Beobachten, beraten, bewerten, bearbeiten, bekämpfen, beteiligen
Die Marktwächter sollen die Märkte beobachten und Defizite sowie Fehlentwicklungen aufspüren. Gleichzeitig sollen sie durch vielfältige Angebote Verbraucherinnen und Verbraucher bei Entscheidungen beraten. Außerdem sollen die Marktwächter bewerten, ob Unternehmen Verbraucherrechte einhalten, z. B. indem sie die Rechtmäßigkeit von Allgemeinen Geschäftsbedingungen und Werbung prüfen. Hinweise auf Verbraucherprobleme und systematische Auffälligkeiten im Marktgeschehen werden von ihnen bearbeitet, indem sie diese erfassen und an die Aufsichts- und Regulierungsbehörden melden. Die Behörden müssen diese Unstimmigkeiten dann prüfen und gegebenenfalls bestätigen. Mit Abmahnungen und Unterlassungsklagen sollen die Marktwächter rechtswidrige Marktpraktiken bekämpfen. Um alle Marktteilnehmer von Verbrauchervertretern über Anbieter bis zur Wissenschaft zu beteiligen, werden entsprechend besetzte Fachbeiräte die Arbeit der Marktwächter begleiten. Des Weiteren sollen sie auch Lageberichte veröffentlichen, Handlungsempfehlungen für die Politik entwickeln und im Dialog mit der Wirtschaft Lösungsmöglichkeiten erarbeiten.
Verbraucherpolitik ist sozialdemokratische Politik
Die SPD-Fraktion hat als einzige Fraktion ein ausgearbeitetes Marktwächter-Konzept für die Bereiche Finanzmarkt, Energie, Gesundheit, Digitale Welt/Telekommunikation und Lebensmittel vorgelegt. Die Grünen beschränken sich auf die Gebiete Finanzmarkt und Energie. Und Schwarz-Gelb lehnt eine Stärkung der Verbraucherorganisationen ab.
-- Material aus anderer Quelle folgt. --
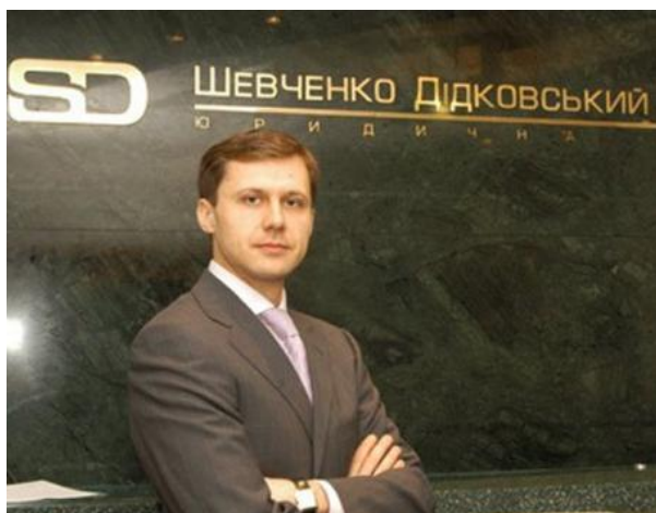
Юридическая фирма №1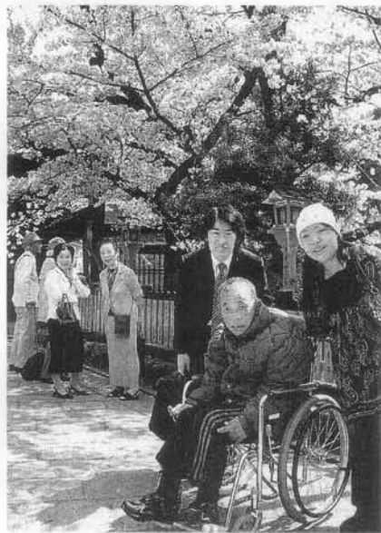
要介護者の旅行をサポートする旅のお手伝い業業

In den 70er-Jahren während der Regierungszeit von Willy Brandt und Helmut Schmidt wurden die Verbraucherorganisationen insgesamt gestärkt, Verbandsklagerechte beschlossen, die politische Vertretung von Verbraucherinteressen sowie Verbraucherinformation und -aufklärung weiter ausgebaut. Die SPD-Bundestagsfraktion knüpft mit dem Marktwächter-Modell an diese Tradition an und entwickelt sie weiter, um die soziale Marktwirtschaft wieder ins Lot zu bringen.
Im Rahmen der Debatte am 6. Juni 2013 hat der Bundestag auch den SPD-Antrag „Verbraucherschutz stärken – Finanzmarktwächter einführen“ (Drs. 17/8894) beraten.